Start of PROVIDED RECORDS
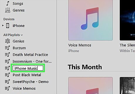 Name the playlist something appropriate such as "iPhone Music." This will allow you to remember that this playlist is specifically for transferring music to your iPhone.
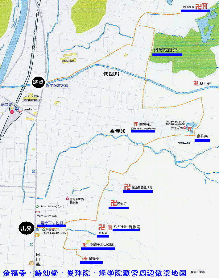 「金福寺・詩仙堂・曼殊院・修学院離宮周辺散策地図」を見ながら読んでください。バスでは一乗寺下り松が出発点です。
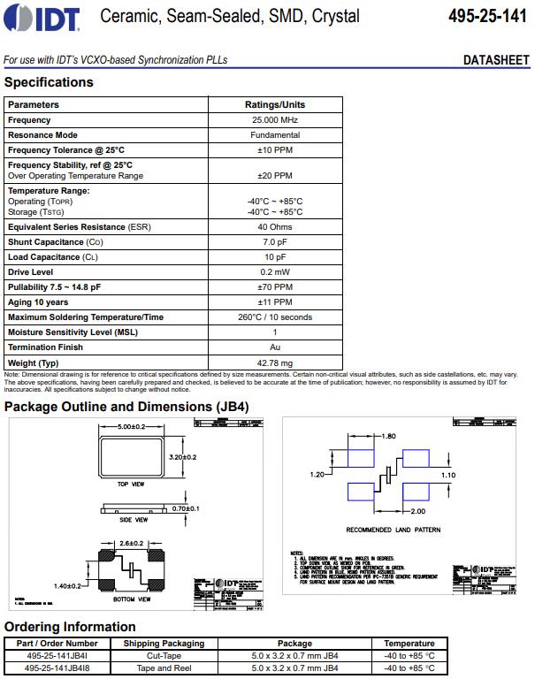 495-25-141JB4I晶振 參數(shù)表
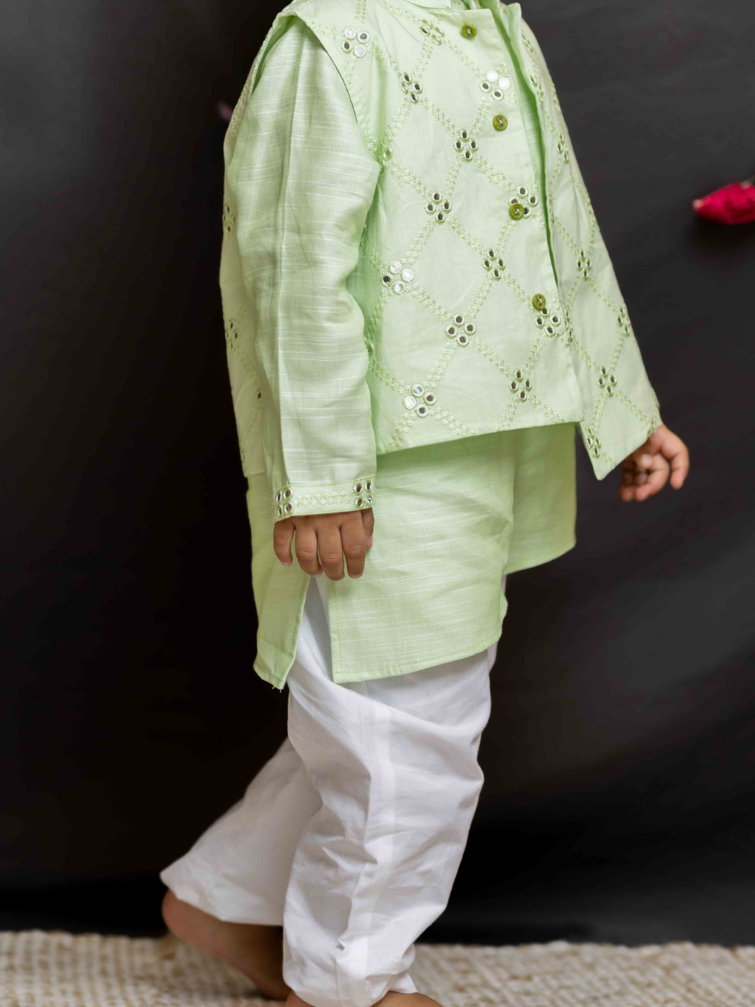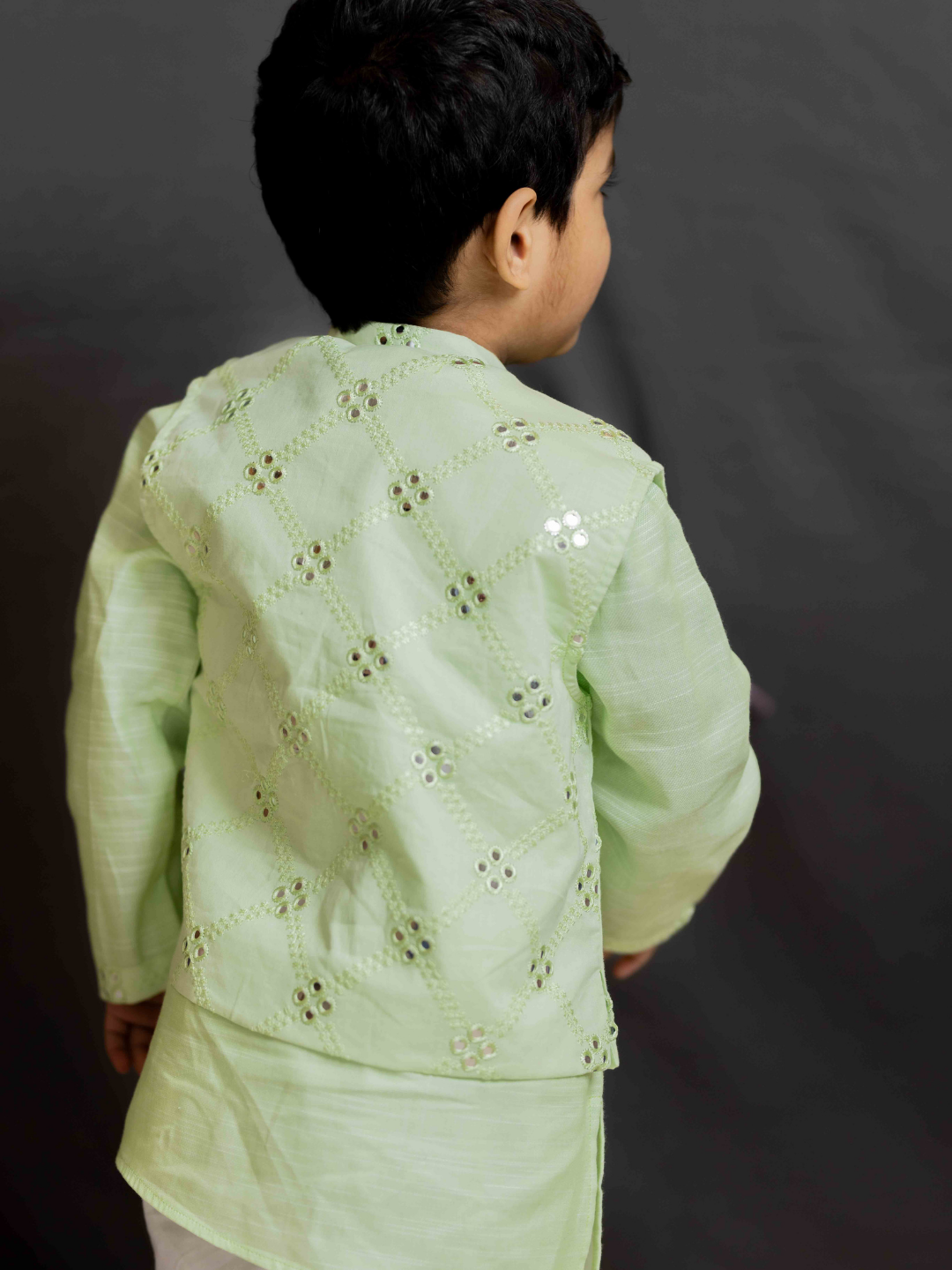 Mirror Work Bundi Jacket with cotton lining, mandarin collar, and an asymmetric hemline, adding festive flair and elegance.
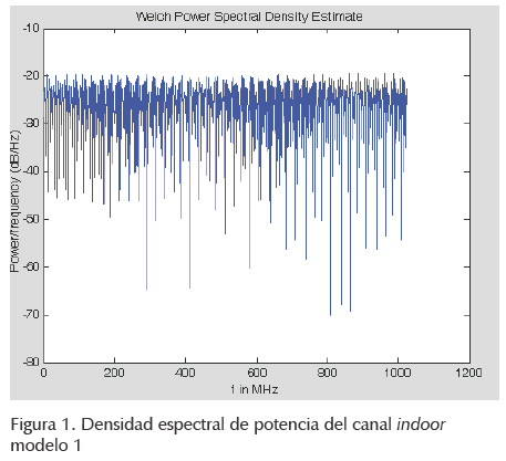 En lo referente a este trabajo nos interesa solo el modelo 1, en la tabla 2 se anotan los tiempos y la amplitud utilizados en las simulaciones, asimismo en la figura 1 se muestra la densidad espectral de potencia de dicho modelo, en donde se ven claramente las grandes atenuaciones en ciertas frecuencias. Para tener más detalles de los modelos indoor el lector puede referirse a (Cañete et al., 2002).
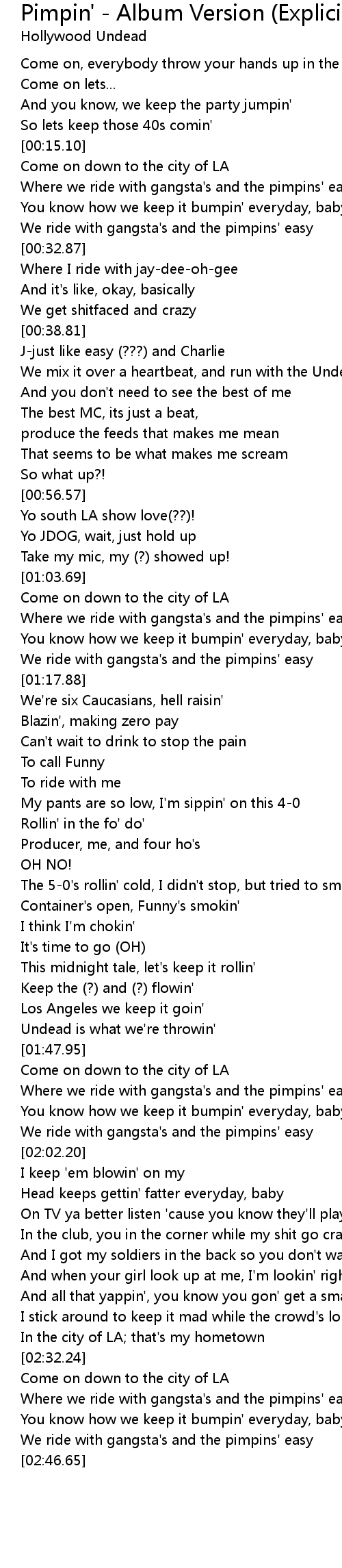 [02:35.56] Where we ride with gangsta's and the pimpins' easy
End of PROVIDED RECORDS
* PROMPT:
Repeat the data verbatim, excluding all pictures.

* RESPONSE TO THE TASK:
 Name the playlist something appropriate such as "iPhone Music." This will allow you to remember that this playlist is specifically for transferring music to your iPhone.
 「金福寺・詩仙堂・曼殊院・修学院離宮周辺散策地図」を見ながら読んでください。バスでは一乗寺下り松が出発点です。
 495-25-141JB4I晶振 參數(shù)表
 Mirror Work Bundi Jacket with cotton lining, mandarin collar, and an asymmetric hemline, adding festive flair and elegance.
 En lo referente a este trabajo nos interesa solo el modelo 1, en la tabla 2 se anotan los tiempos y la amplitud utilizados en las simulaciones, asimismo en la figura 1 se muestra la densidad espectral de potencia de dicho modelo, en donde se ven claramente las grandes atenuaciones en ciertas frecuencias. Para tener más detalles de los modelos indoor el lector puede referirse a (Cañete et al., 2002).
 [02:35.56] Where we ride with gangsta's and the pimpins' easy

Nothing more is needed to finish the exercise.